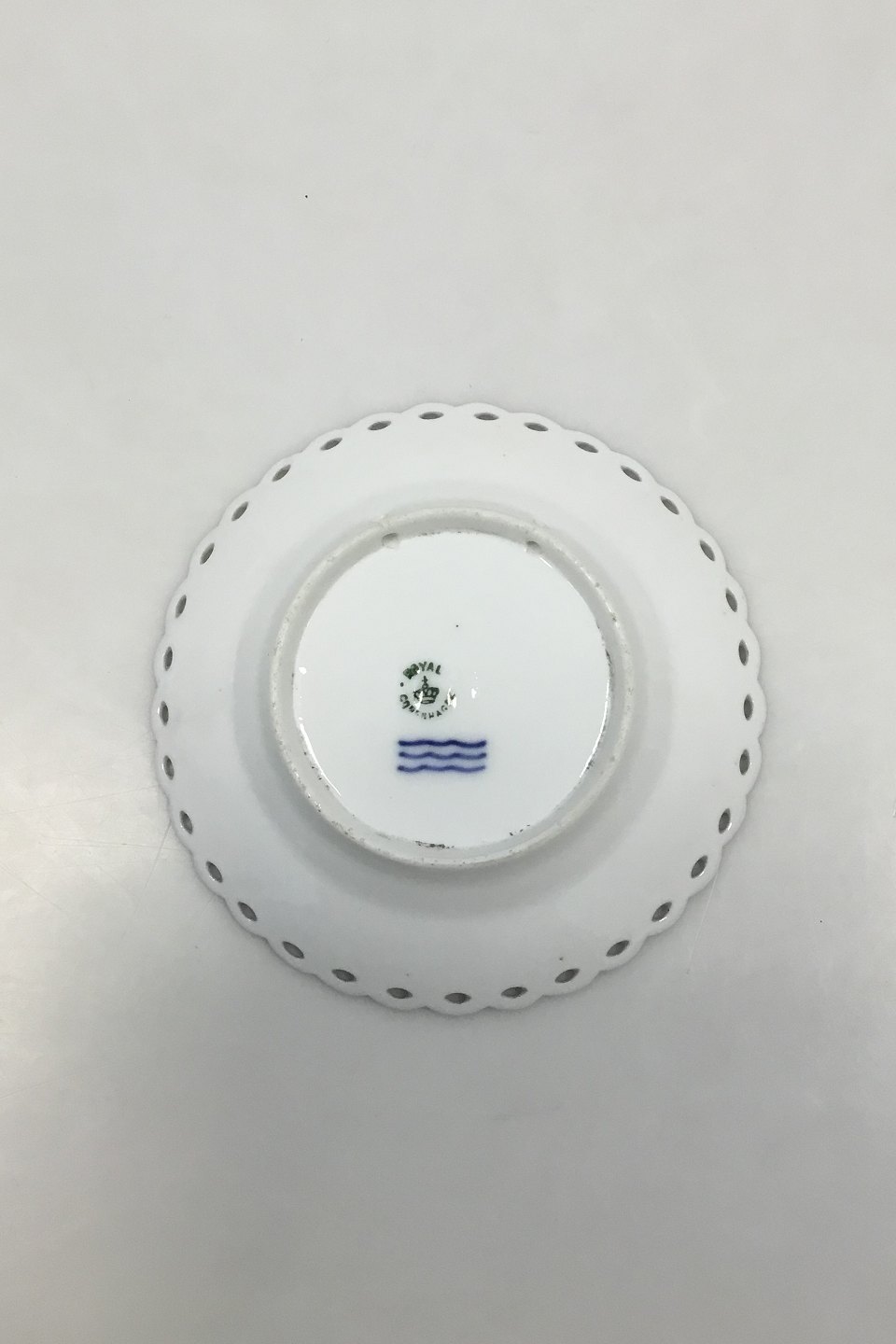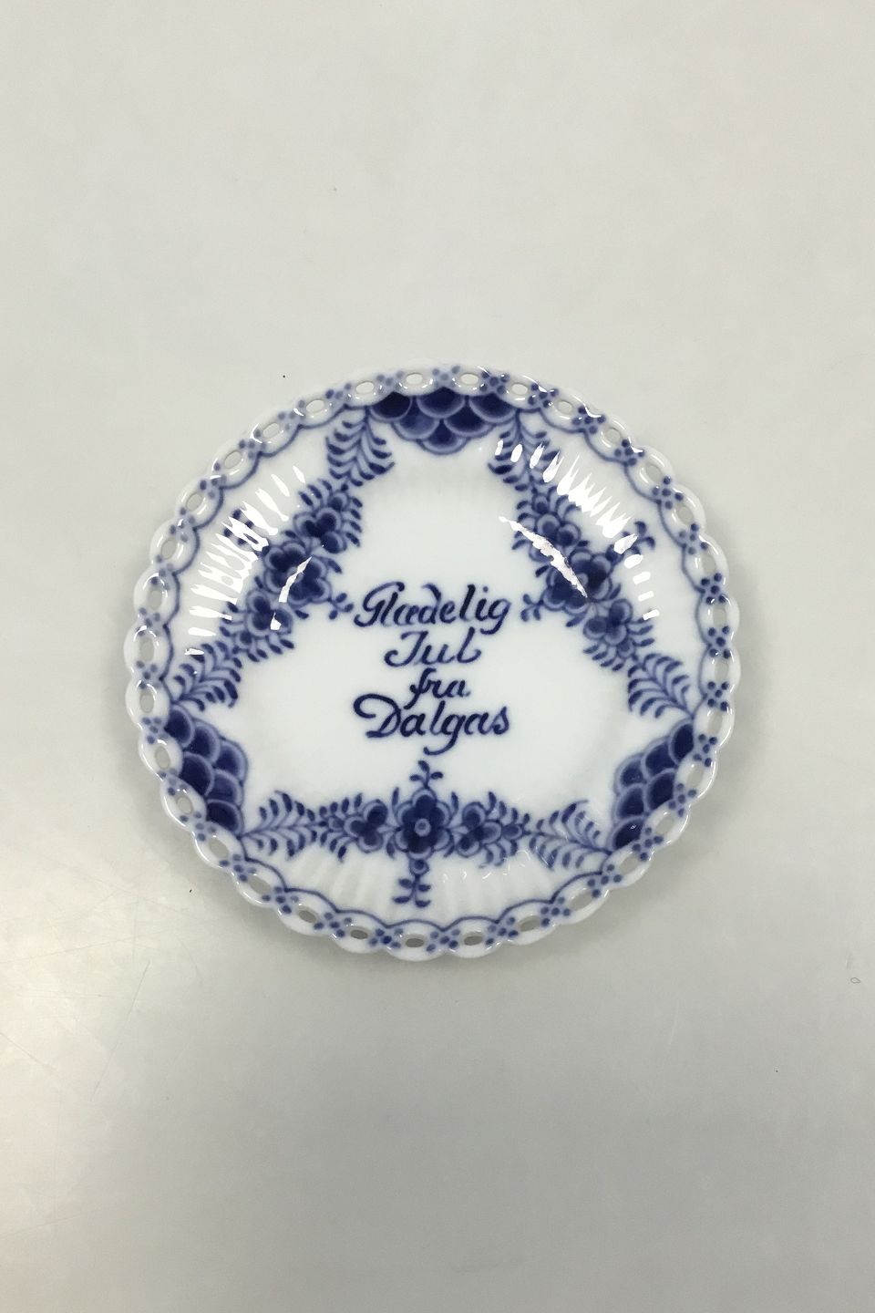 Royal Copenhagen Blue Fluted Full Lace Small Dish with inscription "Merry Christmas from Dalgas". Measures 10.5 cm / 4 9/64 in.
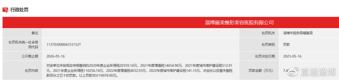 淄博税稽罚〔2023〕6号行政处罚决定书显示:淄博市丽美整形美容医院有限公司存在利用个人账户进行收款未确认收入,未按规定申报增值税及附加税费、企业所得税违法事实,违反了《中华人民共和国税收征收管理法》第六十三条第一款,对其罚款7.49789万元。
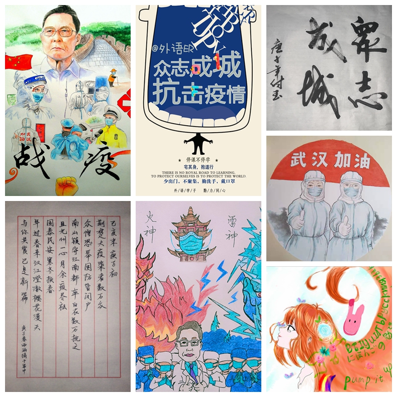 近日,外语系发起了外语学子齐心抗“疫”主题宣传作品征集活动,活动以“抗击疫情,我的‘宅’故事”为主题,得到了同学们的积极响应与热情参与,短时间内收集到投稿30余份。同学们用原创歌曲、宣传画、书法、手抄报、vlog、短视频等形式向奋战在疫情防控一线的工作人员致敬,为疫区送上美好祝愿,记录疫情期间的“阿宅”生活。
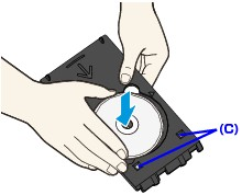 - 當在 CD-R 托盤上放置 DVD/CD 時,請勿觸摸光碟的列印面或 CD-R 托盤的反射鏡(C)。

---

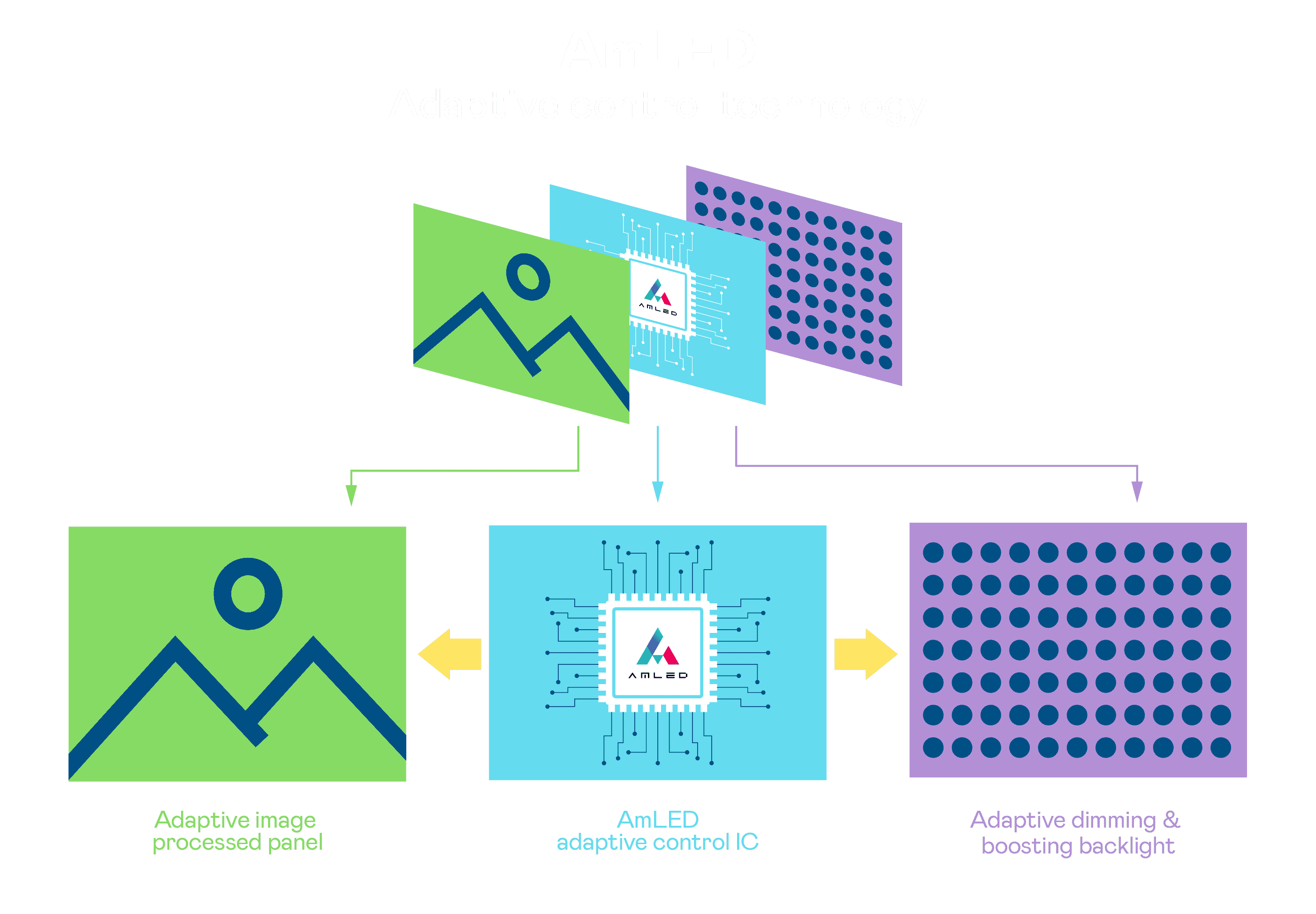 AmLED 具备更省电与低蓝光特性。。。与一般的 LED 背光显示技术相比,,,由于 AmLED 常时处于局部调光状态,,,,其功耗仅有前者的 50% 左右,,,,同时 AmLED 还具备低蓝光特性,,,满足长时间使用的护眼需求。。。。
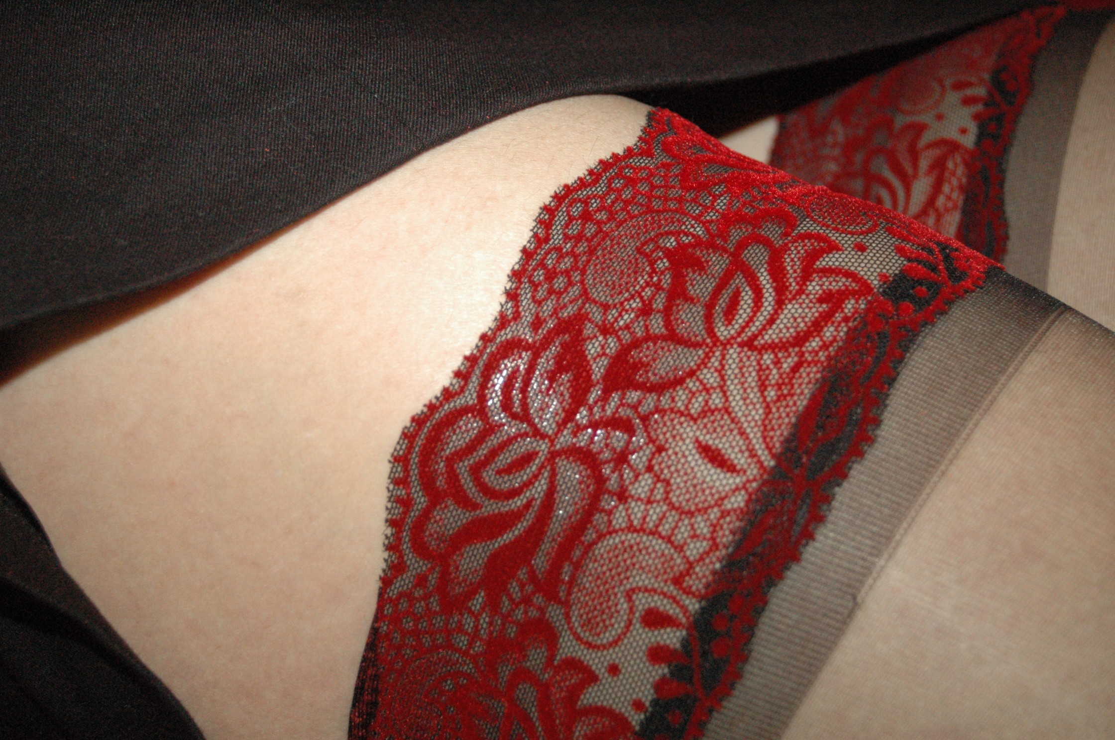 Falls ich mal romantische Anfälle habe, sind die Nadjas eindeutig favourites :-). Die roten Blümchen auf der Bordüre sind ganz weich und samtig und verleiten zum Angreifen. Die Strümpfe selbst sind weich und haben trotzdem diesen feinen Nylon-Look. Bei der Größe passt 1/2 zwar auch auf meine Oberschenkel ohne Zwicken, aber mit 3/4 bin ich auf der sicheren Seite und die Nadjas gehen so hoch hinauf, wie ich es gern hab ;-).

THE PROBLEM:
Copy the entries above exactly, but only the stretch from the line containing "淄博税稽罚〔2023〕6号行" through the line containing "- 當在 CD-R 托盤上放置". Keep both end lines; drop the pictures.

REPLY TO THE TASK:
 淄博税稽罚〔2023〕6号行政处罚决定书显示:淄博市丽美整形美容医院有限公司存在利用个人账户进行收款未确认收入,未按规定申报增值税及附加税费、企业所得税违法事实,违反了《中华人民共和国税收征收管理法》第六十三条第一款,对其罚款7.49789万元。
 近日,外语系发起了外语学子齐心抗“疫”主题宣传作品征集活动,活动以“抗击疫情,我的‘宅’故事”为主题,得到了同学们的积极响应与热情参与,短时间内收集到投稿30余份。同学们用原创歌曲、宣传画、书法、手抄报、vlog、短视频等形式向奋战在疫情防控一线的工作人员致敬,为疫区送上美好祝愿,记录疫情期间的“阿宅”生活。
 - 當在 CD-R 托盤上放置 DVD/CD 時,請勿觸摸光碟的列印面或 CD-R 托盤的反射鏡(C)。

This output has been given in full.